=== Begin Enclosure ===

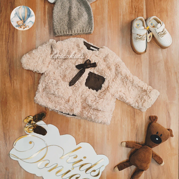 پالتو پوست تدی دخترونه گرم و نرم تک رنگ و فوق العاده شیک و با کیفیت داخل پوستی و جیب و پاپیون چرم قهوه ای رنگ دارای سه جیب یقه گرد و پوشیده مخصوص عید و مهمونی و برا دختر خانومای چیتان پیتانی فانتزی مناسب ۲ تا ۷ سال سایزبندی ۸۰_۱۲۰
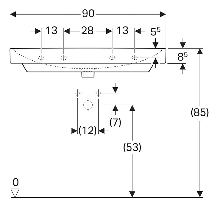 Раковина Geberit Smyle Square 90х48 см без отверстия для смесителя
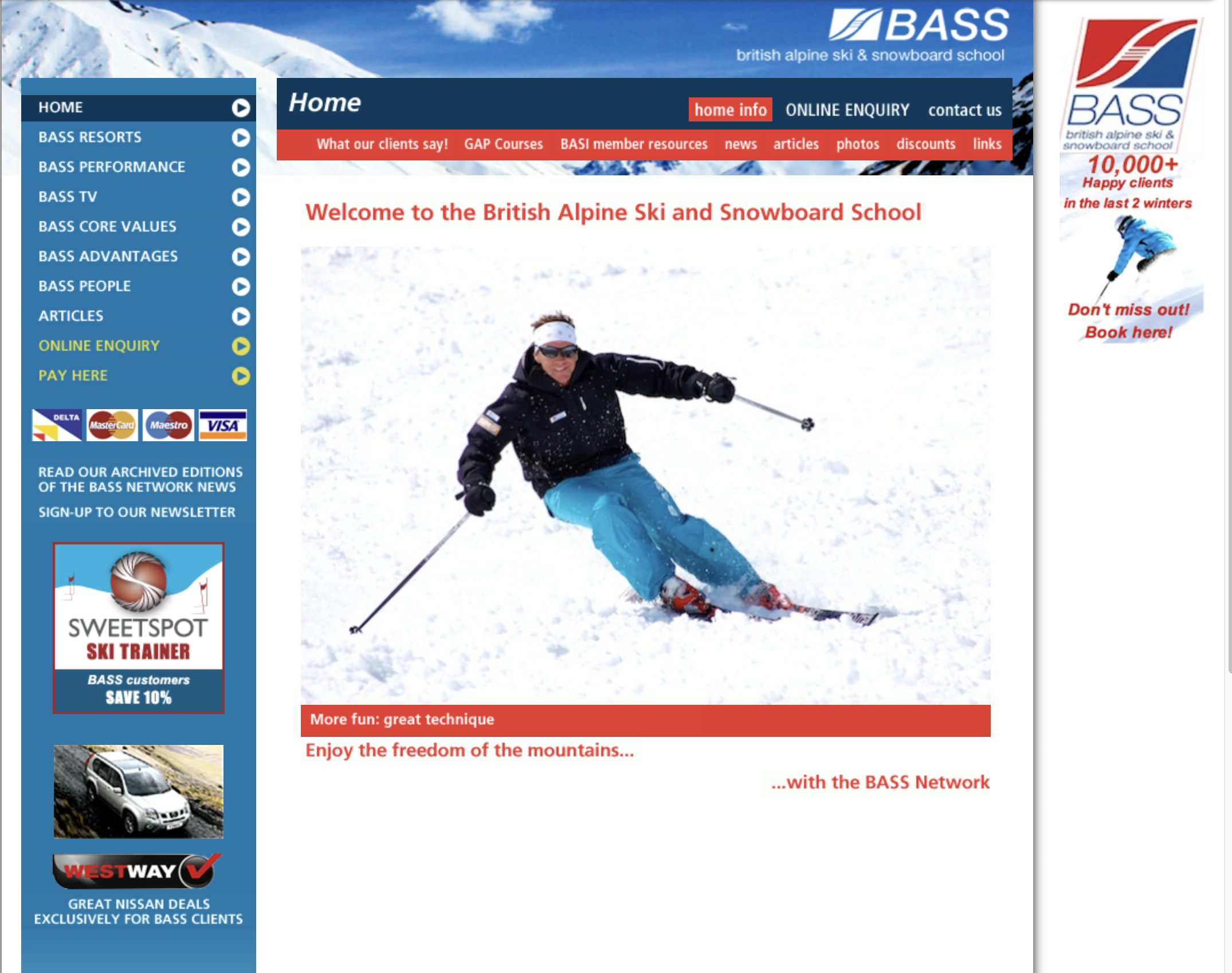 This is the Datatherapy version of the BASS website in full flow. Yousaf at Datatherapy was very important to the development of the technology that allowed us to run successful BASS ski schools.

=== End Enclosure ===

Copy out the material above in full and exactly, but with no pictures.

 پالتو پوست تدی دخترونه گرم و نرم تک رنگ و فوق العاده شیک و با کیفیت داخل پوستی و جیب و پاپیون چرم قهوه ای رنگ دارای سه جیب یقه گرد و پوشیده مخصوص عید و مهمونی و برا دختر خانومای چیتان پیتانی فانتزی مناسب ۲ تا ۷ سال سایزبندی ۸۰_۱۲۰
 Раковина Geberit Smyle Square 90х48 см без отверстия для смесителя
 This is the Datatherapy version of the BASS website in full flow. Yousaf at Datatherapy was very important to the development of the technology that allowed us to run successful BASS ski schools.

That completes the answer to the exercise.